Menteri Keuangan (Menkeu), Sri Mulyani Indrawati, menyatakan bahwa defisit APBN Indonesia pada tahun ini diprediksi tetap terkendali meskipun ada implementasi berbagai kebijakan dari pemerintahan Presiden Prabowo. Dia menyarankan agar masyarakat khususnya para pemain pasar modal, tidak perlu cemas.
“Oleh karena itu, jangan risau, anggaran pemerintah negara kita masih terkendali. Beberapa orang bertanya apakah anggaran pemerintah sudah melebihi batas? Jawabannya adalah tidak. Kegiatan dan program yang digagas oleh Bapak Presiden telah disesuaikan dengan rancangan anggaran pemerintahan nasional,” ungkap Sri Mulyani saat menghadiri acara diskusi ekonomi bersama Presiden Republik Indonesia di Menara Mandiri, Jakarta, pada hari Selasa tanggal 8 April 2025.
Ia juga menyoroti bahwa program semacam pembangunan pedesaan, termasuk koperasi desa, ada dalam Anggaran Pendapatan dan Belanja Negara (APBN). “Selanjutnya, pemikiran tentang Danantara beserta dengan cara menggunakan dividen-nya telah kami pertimbangkan,” tambahnya.
Selanjutnya, ia menyebut bahwa pengeluaran pemerintah pada masa kini masih dalam batasan yang dapat dikontrol, di mana anggaran dari Kementerian Lembaga mencapai 196 triliun rupiah. Di sisi lain, dana luar K/L, meliputi bantuan sosial serta tunjangan pensiunan, berjumlah sekitar 217 triliun rupiah.
Sri Mulyani menyebutkan bahwa angka defisit Anggaran Pendapatan dan Belanja Negara (APBN) untuk tahun 2025 masih akan dipertahankan sekitar 2,5% dari Produk Domestik Bruto (PDB), yang setara dengan Rp616,2 triliun. Dia menjelaskan bahwa kekurangan tersebut dapat dikendalikan melalui pembelanjaan pemerintahan yang ditargetkan mencapai Rp3.621,3 triliun serta pendapatan negara senilai Rp3.005,1 triliun.
“Pembiayaan APBN dikarenakan banyak pihak bertanya tentang kemungkinan adanya defisit dalam APBN tersebut. Mereka juga penasaran besarnya defisit ini akan menjadi berapa? Rencana APBN dirancang untuk memiliki defisit sebesar 2,53%. Hal ini sesuai dengan UU APBN tahun 2024 nomor 62 yang telah disahkan oleh DPR. Angka 2,53% setara dengan defisit senilai Rp616 triliun,” terangnya.
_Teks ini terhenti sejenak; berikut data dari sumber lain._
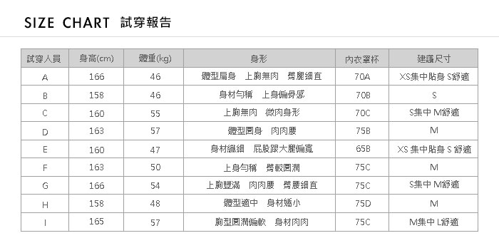 *每個人的身高體重和商品的尺寸不盡對等,身高155CM豐腴與180CM纖 細的女孩也有可能會穿同一個尺寸的商品。

Di samping itu, Sri Mulyani turut menjawab kebijakan Presiden Amerika Serikat, Donald Trump, yang mengenakan bea baru terhadap beberapa negara, di antaranya Indonesia. Menurutnya, langkah tersebut tak didukung oleh landasan ekonomi yang kuat.
“Tarif resiprokal yang diumumkan Amerika Serikat kepada 60 negara lain menjelaskan bagaimana perhitungan tariff itu dilakukan, dan menurut pendapatku setiap ekonom yang telah menerima pelajaran tentang ekonomi pasti akan paham,” kata Sri Mulyani.
Menurut Sri Mulyani, kebijakan tariff tersebut sebenarnya lebih dipengaruhi oleh kebutuhan Trump supaya neraca perdagangan Amerika Serikat tidak mengalami defisit dengan berbagai negara lainnya, sehingga kurang didukung oleh dasar-dasar ekonomi yang kuat.
“Itulah berarti saya tak berniat untuk bergantung pada orang lain atau membeli lebih banyak daripada apa yang dapat saya tawarkan kepada mereka. Ini semata-mata transaksional, tanpa dasar teori ekonomi,” katanya.